Mr Wales, 50, said he preferred to smoke cannabis rather than take morphine
or dihydrocodeine, as prescribed by his doctor, because of the effect on
his health.

"I'm not asking for sympathy from the jury or the courts," he said. "I try
not to take these very serious drugs to like dihydrocodeine and morphine
tablets which will eventually damage my health beyond repair.

"Morphine is so addictive and the withdrawal systems can damage health
considerably. I was growing cannabis to counteract the withdrawal systems.

"I opted for the least of all evils: marijuana. I wasn't growing it to
sell, but for my own use.

"I am just asking to have something less harmful to me than what was
already given to me by the state. I suffer so severely from each different
ailment that there isn't one day of my life I have freedom from pain.

"When I smoke cannabis it relieves me and I feel like a normal person."

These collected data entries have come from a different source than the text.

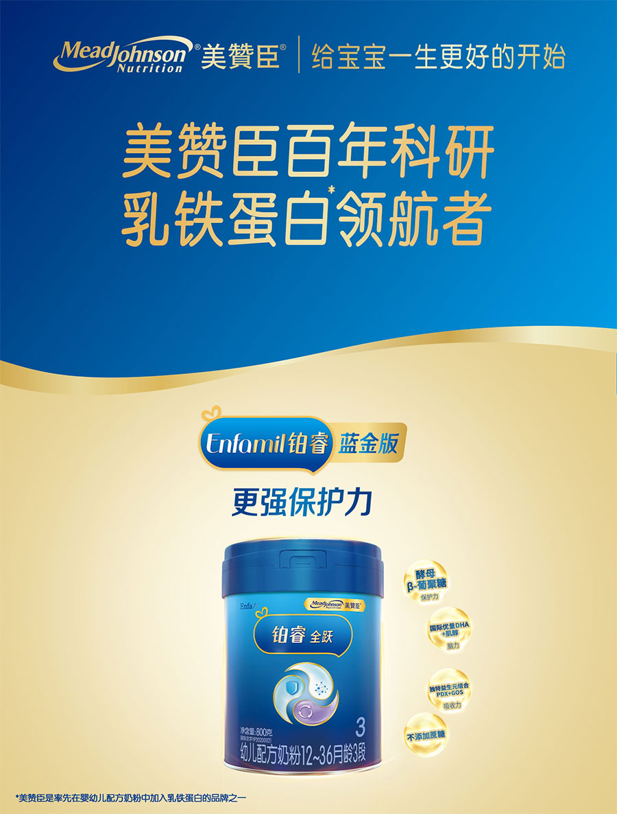 美贊臣創立于1905年,自創立起始終堅持以科學為本進行產品研發和創新,為全球嬰幼兒提供科學營養,致力于“給寶寶一生最好的開始”。1993年,美贊臣正式進入中國,在廣州設立生產基地。植根中國近三十載,陸續推出藍臻、鉑睿、安兒寶、全躍、親舒、早產兒出院后配方、無乳糖配方等消費者熟悉的嬰幼兒配方產品,每天守護寶寶健康成長,受到廣大中國消費者的歡迎和喜愛。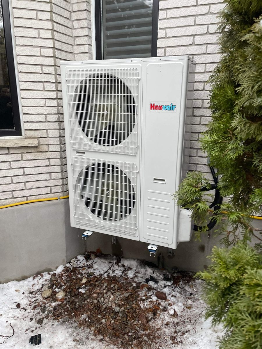 En collaboration avec le programme Maison Verte du Fédéral et chauffez vert du provincial, le client a pu bénéficier d'une aide financière de 6275$ pour le retrait de son système au mazout pour le remplacer par une thermopompe Centrale haute efficacité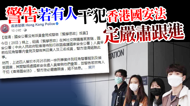 一個聲稱「賢學思政」的學生組織在社交媒體專頁上表示,召集人王逸戰及3名成員早前於旺角警署內與國安公署人員見面,國安公署人員指「賢學思政」的行動及言語已觸犯香港國安法,警方亦澄清絕無其事。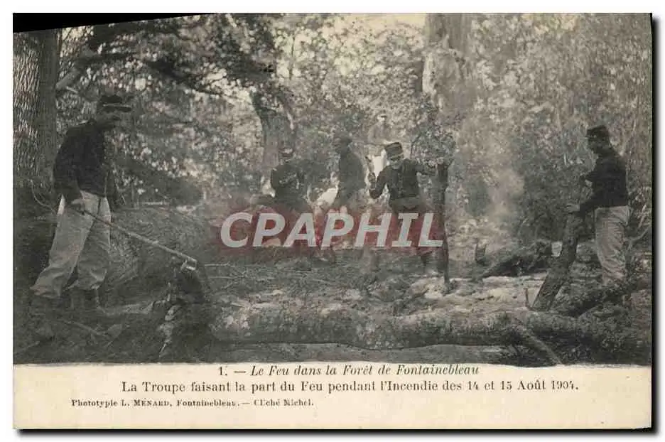Cartes postales Sapeurs Pompiers Le feu dans la foret de Fontainebleau La troupe faisant la part du fen pendant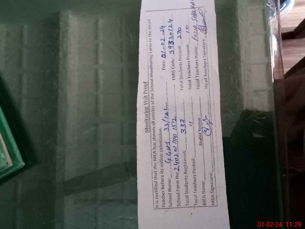 | Attendance Register | Head Teacher | MEA with School | Visit Proof |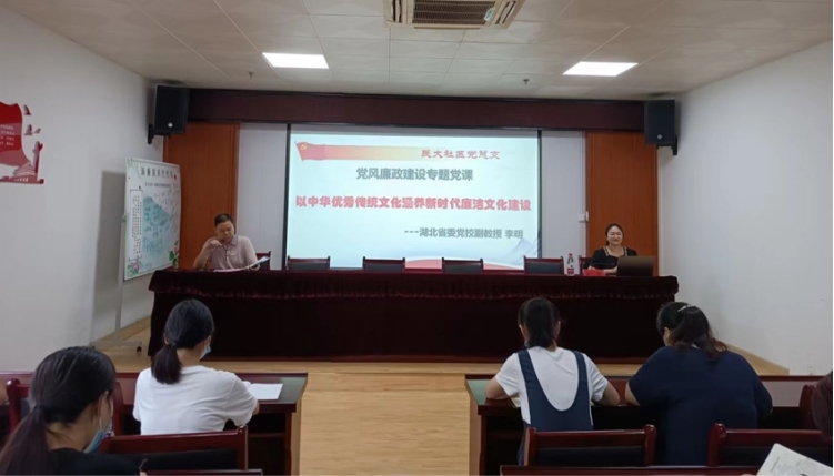為慶祝中國共產黨成立101周年,喜迎黨的二十大勝利召開,促進社區廉潔文化建設,7月7日,民大社區黨支部開展紅色七月主題黨日活動。湖北省委黨校李明副教授應邀作廉政文化專題授課,社區黨支部書記龔乃超主持活動并上黨課,社區全體黨員到場聽課。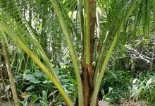 酒瓶椰为棕榈科椰子属植物。干高1-3米,径35-70厘米;茎干下部肥大,形似酒瓶,环节明显;羽状复叶,拱形生长,略呈旋转;小叶披针形,叶面略带红色;花序由冠茎基部长出,分枝下垂;果实椭圆形,…全部>>
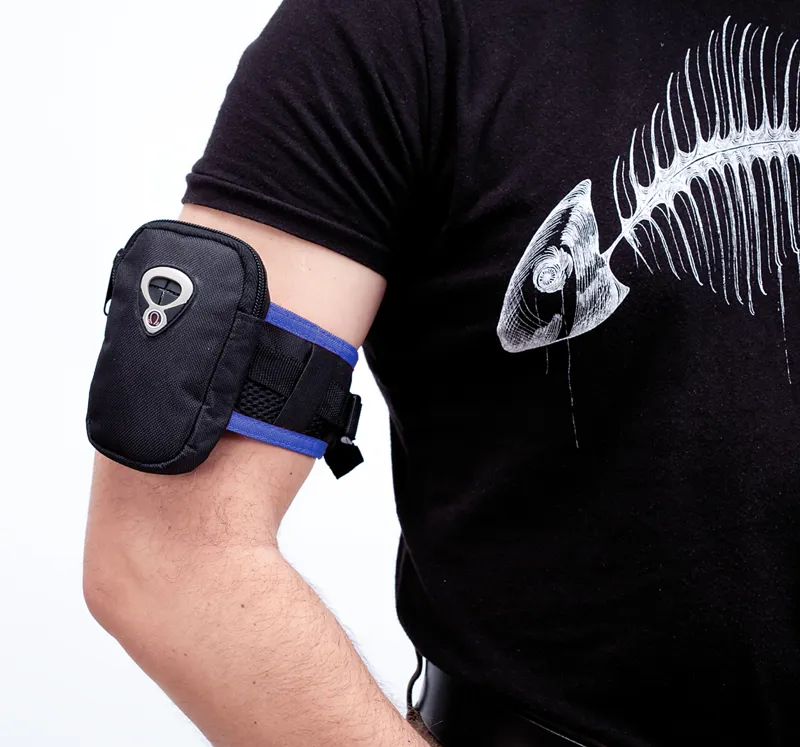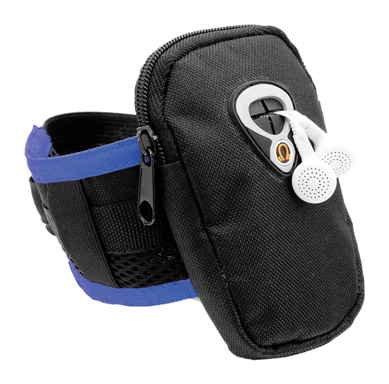 600D poliészter anyagú karpánt, MP3 lejátszó vagy mobiltelefon tokkal.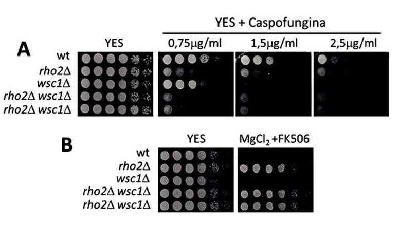 Ensayo de sensibilidad a caspofungina de la cepa silvestre, los mutantes rho2∆, wsc1∆ y los dobles mutantes rho2∆wsc1∆. Se hicieron diluciones seriadas de cada cepa (8x104, 4x104, 2x104, 2x103, 2x102 y 2x101 cels/ml) y se sembraron aproximadamente 3ml de cada dilución en placas de medio rico (YES) y YES suplementado con caspofungina (0,75mg/m, 1,5 mg/ml y 2,5mg/m). B- Las mismas cepas se sembraron en placas de YES y de YES + FK506 (0,5 mg/ml) + MgCl2 (0,2M). Las placas se incubaron 3 días a 28oC.

Mr Wales, a former chef, argued that if marijuana was given on
prescription, sufferers would get access to the drug in its pure form.

This was preferable to getting it on the streets, where users are at the
mercy of dealers.

He said:"Most people who smoke cannabis are smoking an evil combination of
chemicals and impurities. If it was regulated and I was given the drug in a
prescribed form, it would ensure I wasn't given a drug that was impure.

"I wouldn't like to see marijuana being made totally legal, for
recreational purposes, as young people don't really know what the drug can
do until later in life.

"Young people experiment and just like any drug in this world, it may give
some people happiness and other people a lot of misery.

"It should be regulated and used for people like myself with serious pain
and constant pain.

"It is less addictive and lethal than alcohol, so I would like it to be
prescribed not only for multiple sclerosis suffers, but for people with
other diseases as well."

He said his legal team was preparing an appeal against his conviction.